Sizce bugün bir tiyatro sanatçısının özgür olabilmesi için en çok neye ihtiyacı var?
Türkiye’de özel tiyatrolar gerçekten zor koşullarda, büyük çabalarla ve mücadeleyle perde açabiliyor. Salon kiraları, ulaşım, konaklama, devletin vergisi derken, şehrin rengi olan bu küçük ölçekli tiyatrolar tek tek kapanıyor. Sansürün olduğu yerde ya da otosansürün ruhumuza işlendiğini hissettiğimizde özgür sanattan söz etmek mümkün değildir.

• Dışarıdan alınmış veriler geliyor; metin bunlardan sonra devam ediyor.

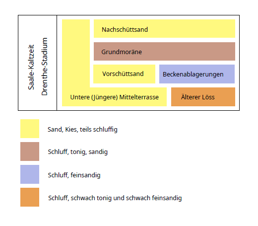 Nur der erste saalezeitliche Eisvorstoß (Drenthe-Stadium) erreichte das Ruhrgebiet. Mit der Ankunft der Gletscher wurde ein Teil der in ihrem Vorfeld befindlichen fluviatilen Sedimente durch Schmelzwässer umgelagert oder ausgeräumt. Im höheren und damit jüngerem Abschnitt des Terrassenkörpers lässt sich daher eine Unterteilung in rein fluviatile und fluvioglaziale Ablagerungen nicht immer sicher durchführen. Eine stark vereinfachte Gliederung der saalezeitlichen Ablagerungen im Ruhrgebiet zeigt Abb. 1. Sedimente aus der Zeit des zweiten Eisvorstoßes (Warthe-Stadium) sind aus dem Ruhrgebiet nicht bekannt.
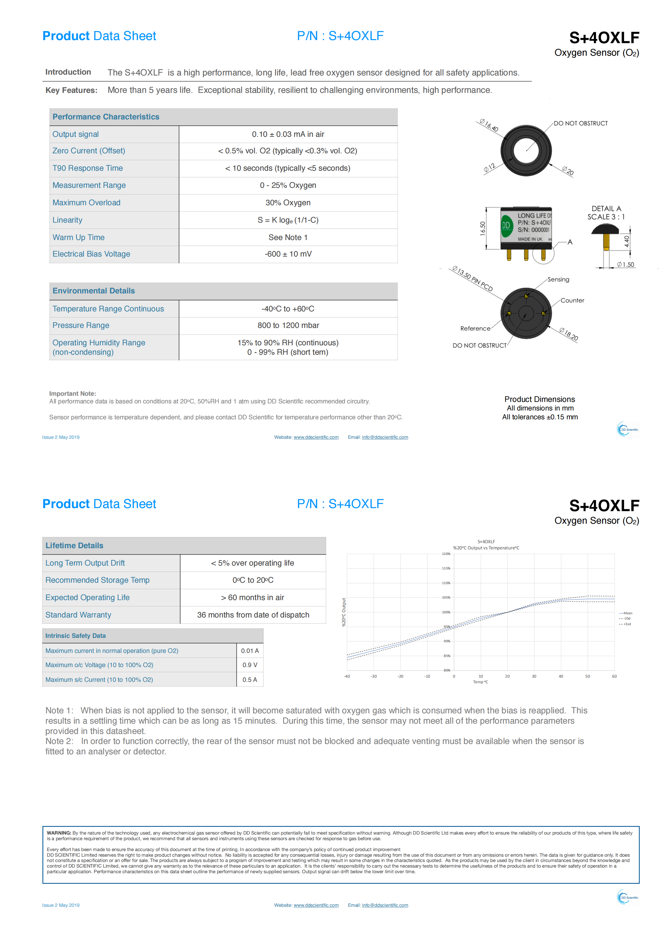 The S+4OXLF is a high performance, long life, lead free oxygen sensor designed for all safety applications. More than 5 years life. Exceptional stability, resilient to challenging environments, high performance.
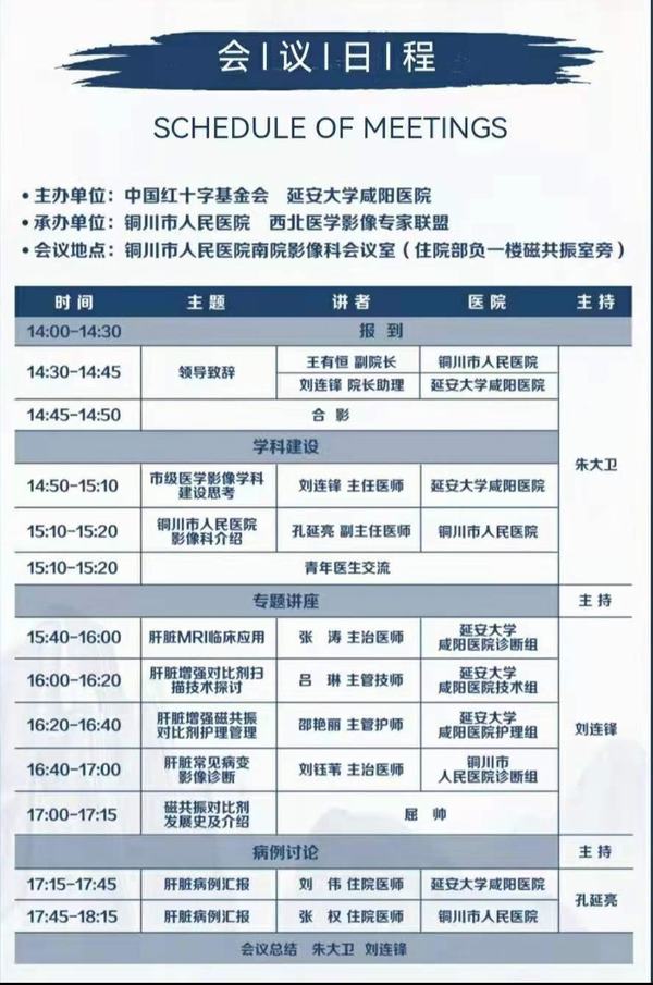 2021年7月2日由中國(guó)紅十字基金會(huì)及延安大學(xué)咸陽(yáng)醫(yī)院主辦,銅川市人民醫(yī)院及西北醫(yī)學(xué)影像專(zhuān)家聯(lián)盟承辦的《醫(yī)學(xué)影像學(xué)科建設(shè)及肝臟影像臨床應(yīng)用》為主題的會(huì)議在銅川市人民醫(yī)院南院影像科會(huì)議室(住院部負(fù)一樓磁共振室旁)順利召開(kāi),會(huì)議由銅川市人民醫(yī)院影像科朱大衛(wèi)主持,參加本次會(huì)議的有銅川市人民醫(yī)院王有恒副院長(zhǎng),銅川礦務(wù)局中心醫(yī)院黨勇主任,北京中醫(yī)藥大學(xué)孫思邈醫(yī)院劉平安主任等銅川地區(qū)影像界代表參加會(huì)議;延安大學(xué)咸陽(yáng)醫(yī)院院長(zhǎng)助理兼CT/MRI室主任劉連鋒教授帶隊(duì)診斷組張濤主治醫(yī)師及劉偉住院醫(yī)師、技術(shù)組呂琳主管技師及護(hù)理組邵艷麗主管護(hù)師團(tuán)隊(duì)共5人參加本次會(huì)議。

O yüzden özgürlüğü seçmek ve direnç göstermek zorundayız.
İzmir’i nasıl bir kültürel ekosistem olarak görüyorsunuz? İzmir seyircisinin sahnede kurduğunuz oyun gerçeğine katkısı nedir?
İzmir’in denizinden, suyundan toprağından mıdır bilmiyorum özel bir seyircisi var; aydın, çağdaş güzel bir takipçisi. En fazla turne yaptığım şehirlerden biri, o yüzden bende çok özel bir yeri var.

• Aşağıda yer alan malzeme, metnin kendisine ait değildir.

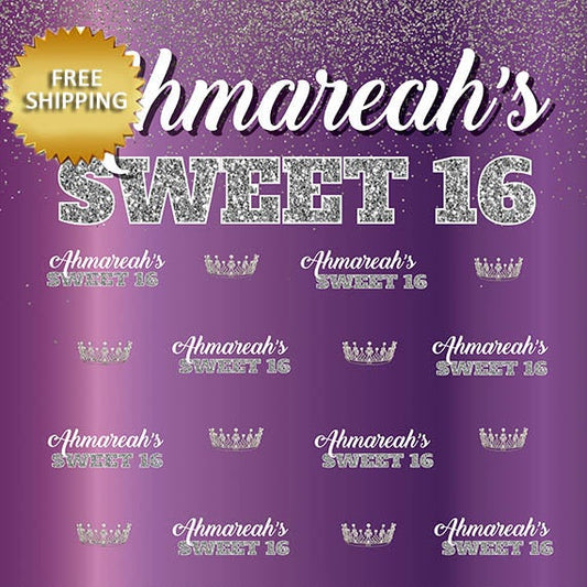 Sweet 16 Purple Royalty Custom Step and Repeat Backdrop

Bugünün Türkiye’sinde tiyatroyu meslek olarak seçen gençlerin karşısındaki en büyük engel nedir?
Şu sözü çok severim; kader gayrete âşıktır. Bizim işimizin mücadele olduğunu asla unutmamamız lazım. 70’lerde de bu mücadele vardı, 80’lerde de, şimdi de var. Bu topraklarda, bu sanatta dirençli olmadan, hayal kurmadan, yaşama inancı olmadan, mesleğe aşkın, çalışkanlığın olmadan, var olman mümkün değil. Sadece sanat değil, eğitim de ne kadar yaralar aldı ve alıyor. Maalesef haksızlığın yaşanmadığı bir alan yok. Gençlere çok iş düşüyor. Enselerini karartmalarını istemem ama. Mutlak kendi hikâyelerini yazacaklar, kendi öykülerini oynayacaklar. Önemli olan yılmadan, vazgeçmeden, küsmeden çalışmaya, araştırmaya, öğrenmeye devam etmek.

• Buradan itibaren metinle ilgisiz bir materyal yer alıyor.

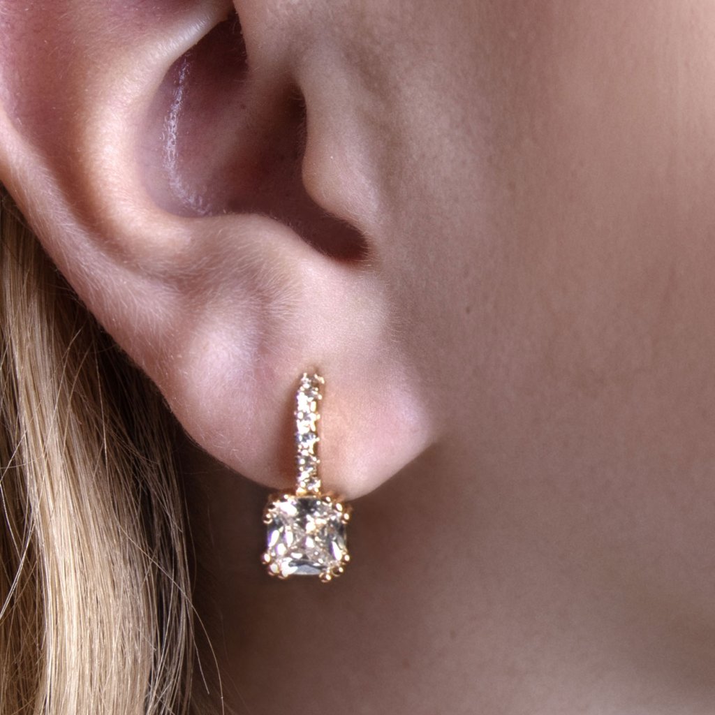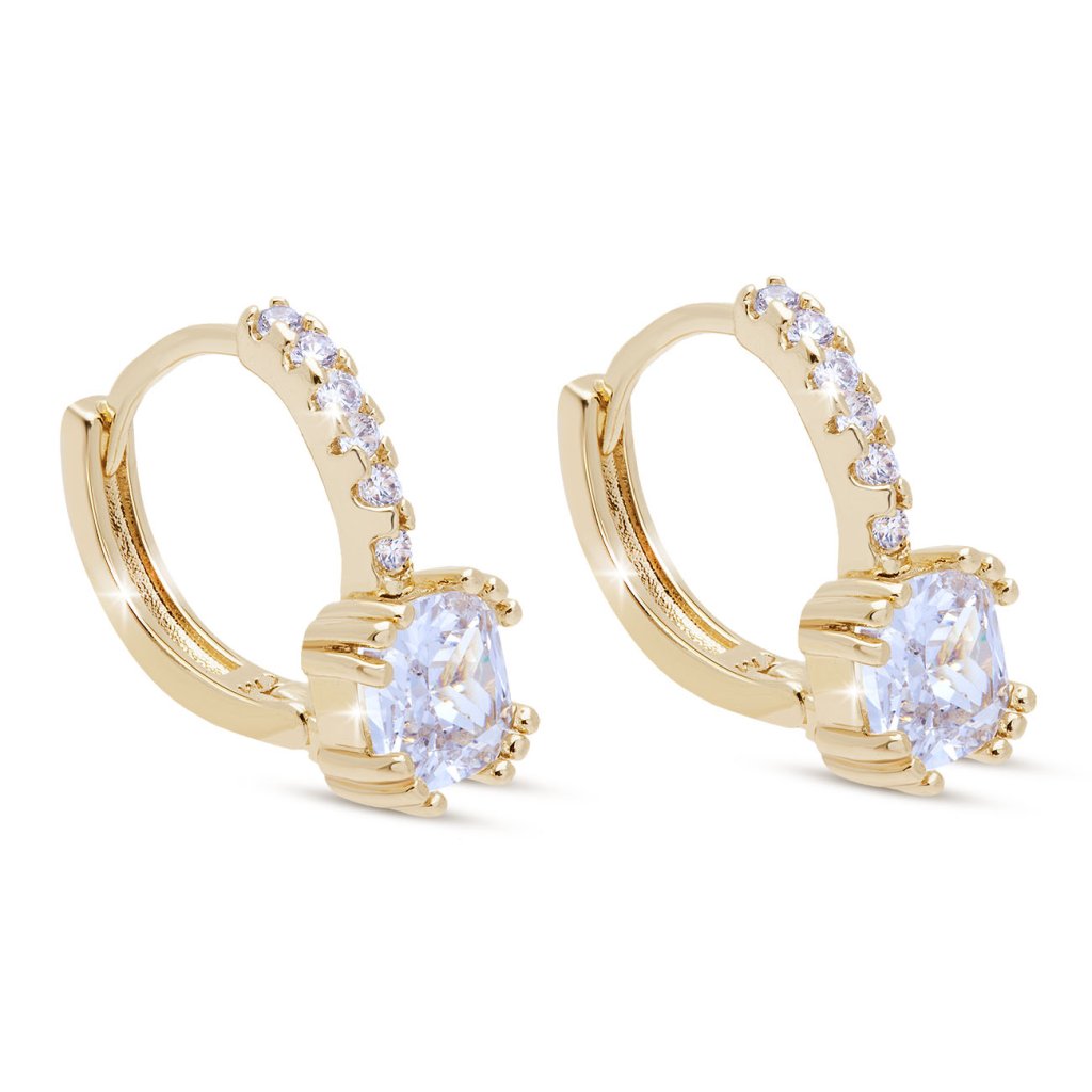 Elegantní pozlacené náušnice 14k zlatem, poseté malými zirkony a větším zirkonem ve tvaru čtverce.

KADINLAR, KÜLLERİNDEN YENİDEN DOĞANLAR
Sizce tiyatro politik baskı dönemlerinde yalnızca bir sanat formu değil, bir hafıza mekânı da oluyor mu? Sahnede anlatılanlar toplumdaki kırılmaları taşımakla yükümlü müdür?
Yükümlü değildir, bu bir seçimdir. Seçilen oyunlar oyuncunun ya da o topluluğun manifestosu gibidir. Öncelikleri, hassasiyetlerine göre oyun seçimi yaparlar. Ben derdi olmayan oyunları, vodvilleri, pop tiyatroyu bana keyif vermediği için oynamayı tercih etmedim. Benim karakterlerim anti-kahramanlar, ötekileştirilenler; rimeli akmış, çorabı kaçmış, kırılıp örselenmiş, ama umudu sonunda mutlaka yakalayan kadınlar, küllerinden yeniden doğanlar.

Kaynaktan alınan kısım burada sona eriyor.